Con la prohibición de la reelección, el Ejecutivo, a través del partido, tenía el control de todos los cargos puestos de elección. Con ello los actores políticos jugaban a las sillas musicales en la que los actores se acomodaban al ritmo que marcaba el mandatario en turno. Quien no fuera leal se quedaba fuera. Con ello el Presidente de la República lograba el control del Poder Legislativo, pues los diputados y senadores debían su cargo al gran elector. Ello provocó una disciplina partidista en el que las decisiones no se tomaban al interior de las cámaras, sino desde la cúpula del partido oficial y éste, a su vez, de la oficina del Ejecutivo Federal en Los Pinos.
El control presidencial al legislativo llevó a privilegiar a quien se portara bien y designarlo a la siguiente legislatura en otro cargo: si era diputado se postulaba a senador, o viceversa; de igual modo, de una presidencia municipal a una gubernatura, o alguna secretaría, algún cargo importante dentro del partido, etc. Es decir, cambiar para mantener a los mismos actores. Fue por ello que los legisladores, gobernadores y presidentes municipales se convirtieron en fieles defensores de las iniciativas presidenciales pues su ascenso político dependía de su lealtad al partido y al presidente.

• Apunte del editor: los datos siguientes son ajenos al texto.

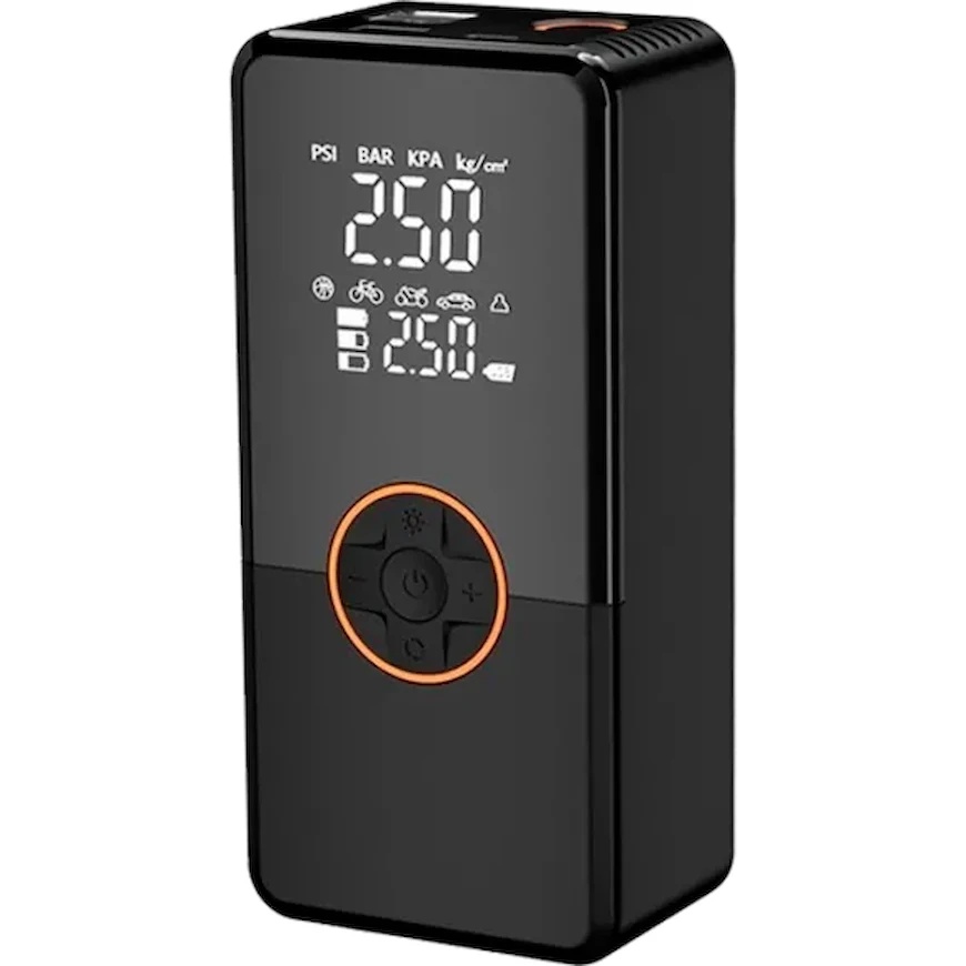 Compresor încorporat pentru umflarea anvelopelor Modelul este echipat cu un compresor de înaltă presiune (până la 8 bari), care permite umflarea rapidă a anvelopelor de automobile, biciclete sau motociclete, precum și a produselor gonflabile. Manometrul de pe carcasă ajută la controlul presiunii și la evitarea supraumflării.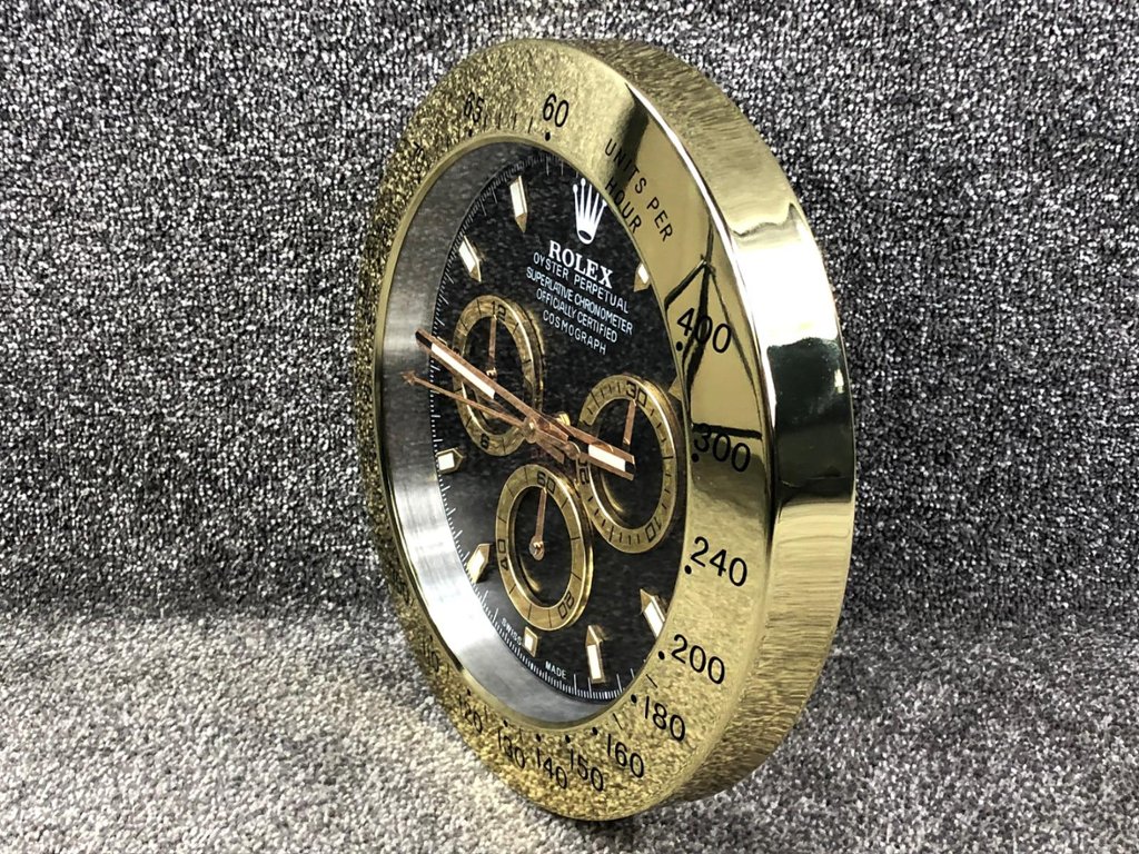 A stainless steel replica Rolex Daytona wall clock, presented with a striking black dial and gold-tone bezel that delivers a bold and luxurious interpretation of this iconic chronograph design. The contrasting gold accents across the hands, hour markers, and sub-dial surrounds create a rich, eye-catching aesthetic, while the tachymeter scale enhances its unmistakable motorsport-inspired identity.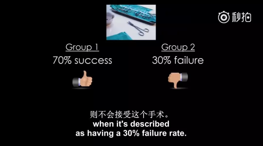 毫不意外的是,第一组人得知70%的成功率后肯定了这个手术,而第二组人得知30%的失败概率后则是反对这个手术。
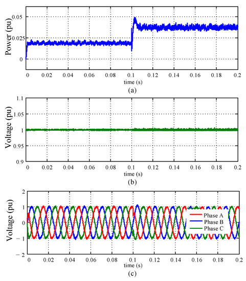 Simulation results of the power electronics system: (a) Load power; (b) Output voltage of the DC/DC converter; (c) Output voltages of the DC/AC inverter.

Esta centralización del poder llevó a minar el desarrollo de las carreras políticas de personajes con arraigo en sus territorios pues no había más opción que afiliarse al partido del presidente. Fue por ello se consolidó la estructura de partido hegemónico en el que, si bien había oposición, ésta era utilizada para legitimar los designios presidenciales. Así, el legislativo se convirtió en una sucursal más del Ejecutivo.
Este esquema funcionó bien mientras no había competencia legislativa que hiciera contrapeso al partido oficial. Sin embargo, cuando la fórmula empezó a desgastarse, las elecciones cobraron relevancia y no hubo forma de mantener un régimen que se caía por sí solo. Ante eso, la reelección cobró un nuevo sentido.
Fue hasta la reforma electoral de 2014 que se (re) introdujo la reelección a nivel federal para diputados y senadores así como a nivel local para legisladores y munícipes para quedar de la siguiente manera: 1) los senadores podrán ser electos hasta por dos periodos consecutivos y los Diputados al Congreso de la Unión hasta por cuatro periodos consecutivos; y, 2) las constituciones estatales establecerán la elección consecutiva de los diputados a las legislaturas de los estados, hasta por cuatro periodos consecutivos.
El candado que puso esta reforma se expresó en que la postulación sólo podrá ser realizada por el mismo partido o por cualquiera de los partidos integrantes de la coalición que los hubieren postulado, salvo que hayan renunciado o perdido su militancia con dos años de antelación. Es decir, sólo los partidos pueden postular a los candidatos a la reelección. Con ello, serán las cúpulas partidistas, y no los ciudadanos, quienes privilegien o castiguen a los actuales legisladores. Así pues, si anteriormente se tenía que contar con la aprobación presidencial, ahora se deberá tener la del partido.
Desde luego que se rescata la reelección en sí misma; sin embargo, la evaluación de los electores a los legisladores no se dará pues las cúpulas partidistas decidirán a quienes se reeligen. En ese sentido, la lealtad y apego de los actuales legisladores a la dirección de cada uno de los partidos será lo que determine la continuidad, mientras la rendición de cuentas a la ciudadanía tendrá que esperar una reforma más.